* **Your task**
If pictures appear in the lines below, skip them and copy exactly the lines from the one containing "育児ブログぷっぷくほっぺにようこそ! ぷっぷくの母、きょうこです。 4年前の今日" through the one containing "Plakat bez ramy", and nothing else.

* **Records for the exercise**
▶
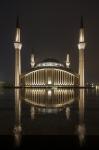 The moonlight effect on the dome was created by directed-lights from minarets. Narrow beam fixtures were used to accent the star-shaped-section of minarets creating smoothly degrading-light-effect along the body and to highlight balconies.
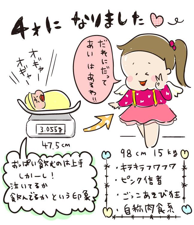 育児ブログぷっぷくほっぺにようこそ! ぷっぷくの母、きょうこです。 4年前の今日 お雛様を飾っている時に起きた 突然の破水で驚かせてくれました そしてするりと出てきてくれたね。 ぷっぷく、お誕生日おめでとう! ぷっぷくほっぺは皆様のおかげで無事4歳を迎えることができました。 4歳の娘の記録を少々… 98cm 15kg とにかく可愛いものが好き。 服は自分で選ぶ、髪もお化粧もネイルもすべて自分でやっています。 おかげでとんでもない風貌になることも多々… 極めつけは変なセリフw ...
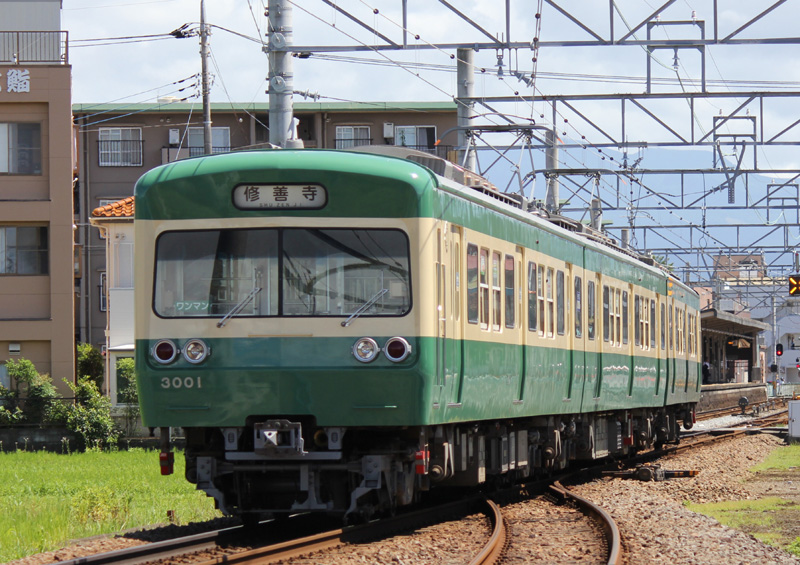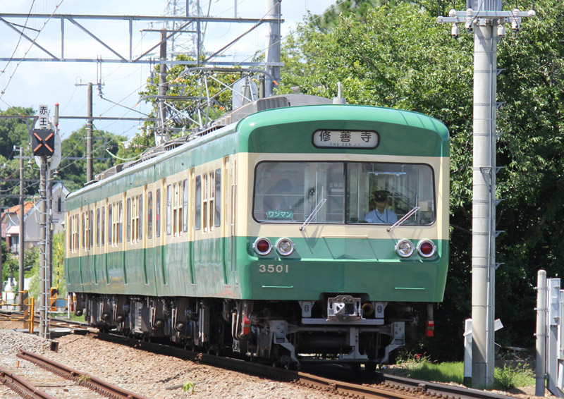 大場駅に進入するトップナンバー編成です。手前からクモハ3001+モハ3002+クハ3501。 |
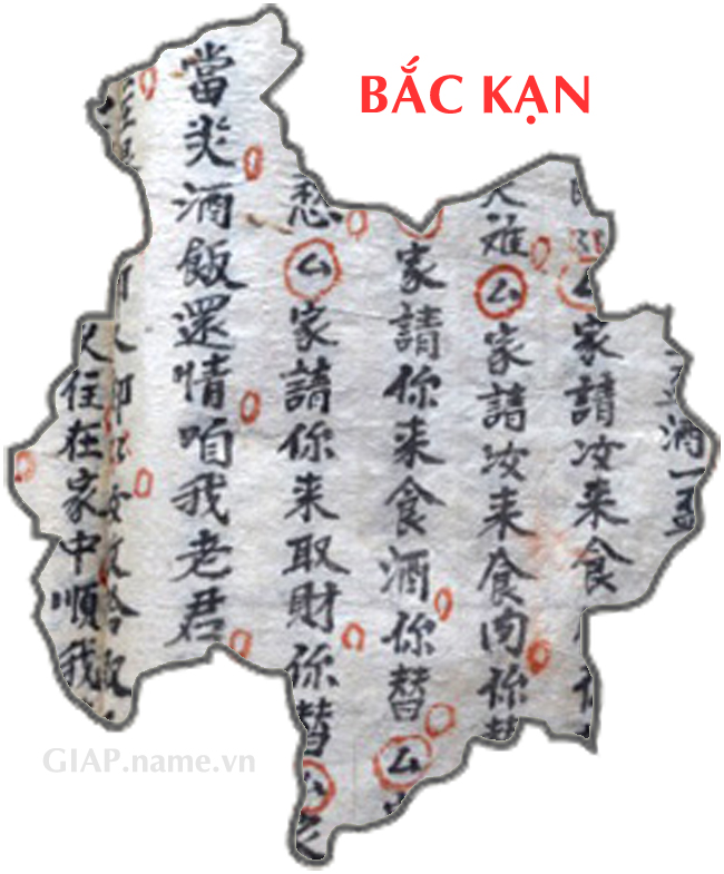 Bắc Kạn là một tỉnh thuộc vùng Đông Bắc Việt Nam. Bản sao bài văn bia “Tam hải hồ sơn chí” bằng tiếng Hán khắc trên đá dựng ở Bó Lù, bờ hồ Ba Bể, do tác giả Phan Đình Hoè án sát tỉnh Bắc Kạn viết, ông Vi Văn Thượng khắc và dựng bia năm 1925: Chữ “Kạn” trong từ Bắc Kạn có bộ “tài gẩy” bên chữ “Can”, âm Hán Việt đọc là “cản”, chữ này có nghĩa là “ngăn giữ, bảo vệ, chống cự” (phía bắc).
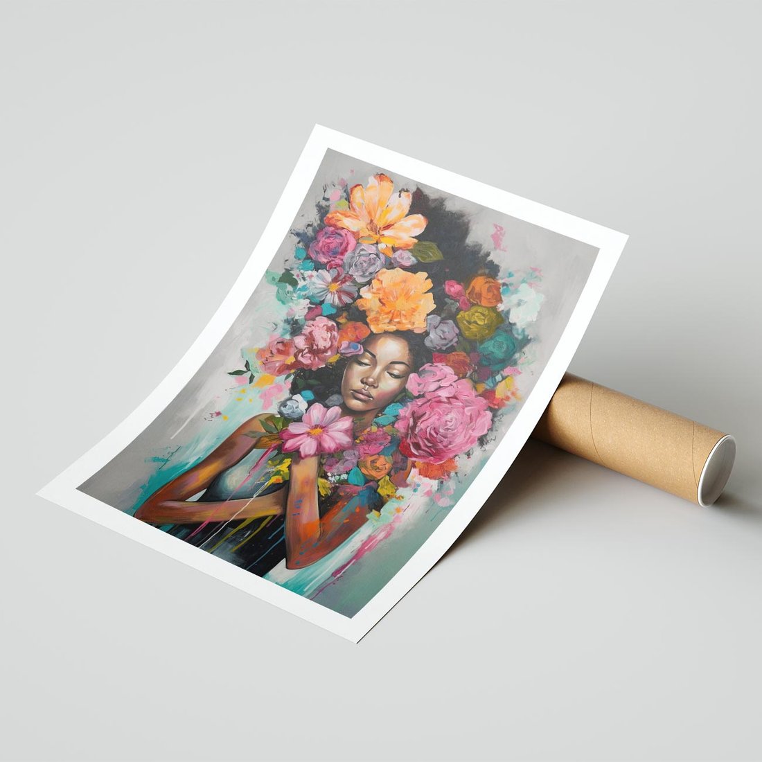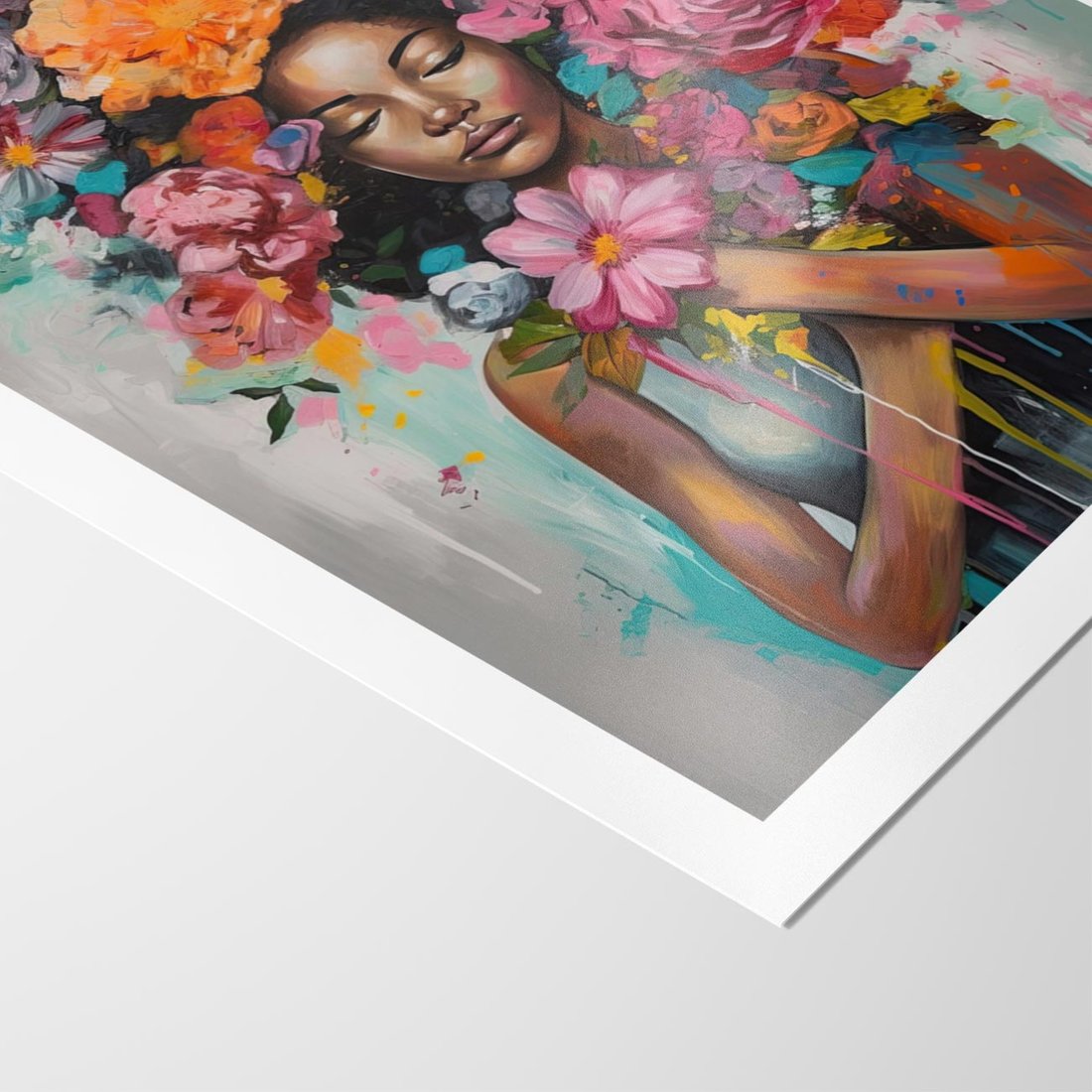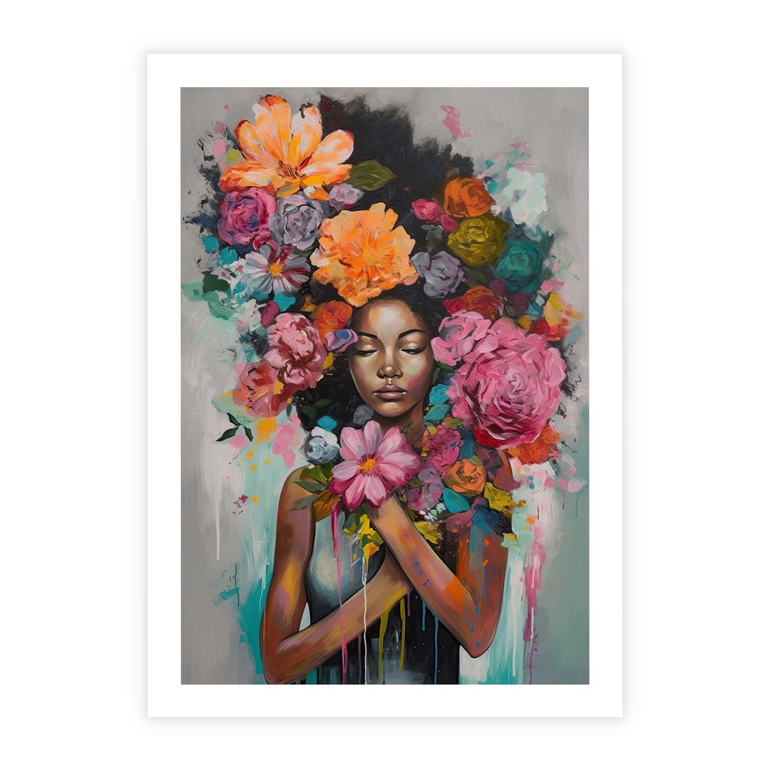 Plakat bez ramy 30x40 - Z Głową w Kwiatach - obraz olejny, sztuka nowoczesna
◀
▶
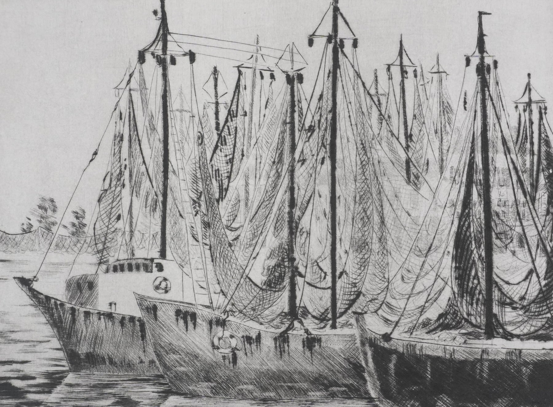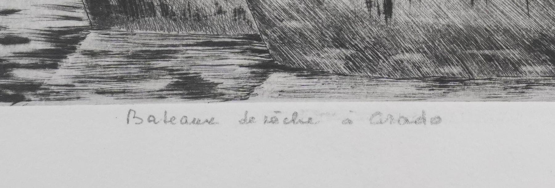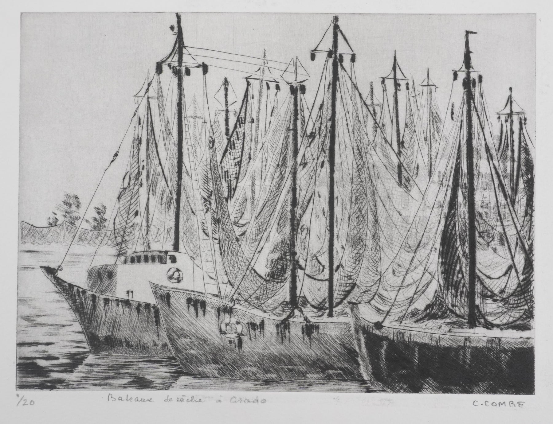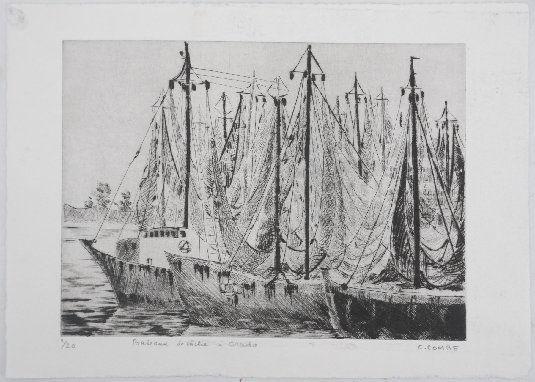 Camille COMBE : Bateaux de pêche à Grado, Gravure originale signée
◀
▶
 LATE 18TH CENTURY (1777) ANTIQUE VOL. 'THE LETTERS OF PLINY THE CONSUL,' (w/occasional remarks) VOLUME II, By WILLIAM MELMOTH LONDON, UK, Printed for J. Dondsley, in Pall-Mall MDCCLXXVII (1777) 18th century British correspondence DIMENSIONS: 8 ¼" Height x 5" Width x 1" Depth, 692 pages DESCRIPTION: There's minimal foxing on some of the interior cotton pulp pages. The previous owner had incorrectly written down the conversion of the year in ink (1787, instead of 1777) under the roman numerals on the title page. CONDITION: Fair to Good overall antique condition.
◀
* **Answer space**
 育児ブログぷっぷくほっぺにようこそ! ぷっぷくの母、きょうこです。 4年前の今日 お雛様を飾っている時に起きた 突然の破水で驚かせてくれました そしてするりと出てきてくれたね。 ぷっぷく、お誕生日おめでとう! ぷっぷくほっぺは皆様のおかげで無事4歳を迎えることができました。 4歳の娘の記録を少々… 98cm 15kg とにかく可愛いものが好き。 服は自分で選ぶ、髪もお化粧もネイルもすべて自分でやっています。 おかげでとんでもない風貌になることも多々… 極めつけは変なセリフw ...
 大場駅に進入するトップナンバー編成です。手前からクモハ3001+モハ3002+クハ3501。 |
 Bắc Kạn là một tỉnh thuộc vùng Đông Bắc Việt Nam. Bản sao bài văn bia “Tam hải hồ sơn chí” bằng tiếng Hán khắc trên đá dựng ở Bó Lù, bờ hồ Ba Bể, do tác giả Phan Đình Hoè án sát tỉnh Bắc Kạn viết, ông Vi Văn Thượng khắc và dựng bia năm 1925: Chữ “Kạn” trong từ Bắc Kạn có bộ “tài gẩy” bên chữ “Can”, âm Hán Việt đọc là “cản”, chữ này có nghĩa là “ngăn giữ, bảo vệ, chống cự” (phía bắc).
 Plakat bez ramy 30x40 - Z Głową w Kwiatach - obraz olejny, sztuka nowoczesna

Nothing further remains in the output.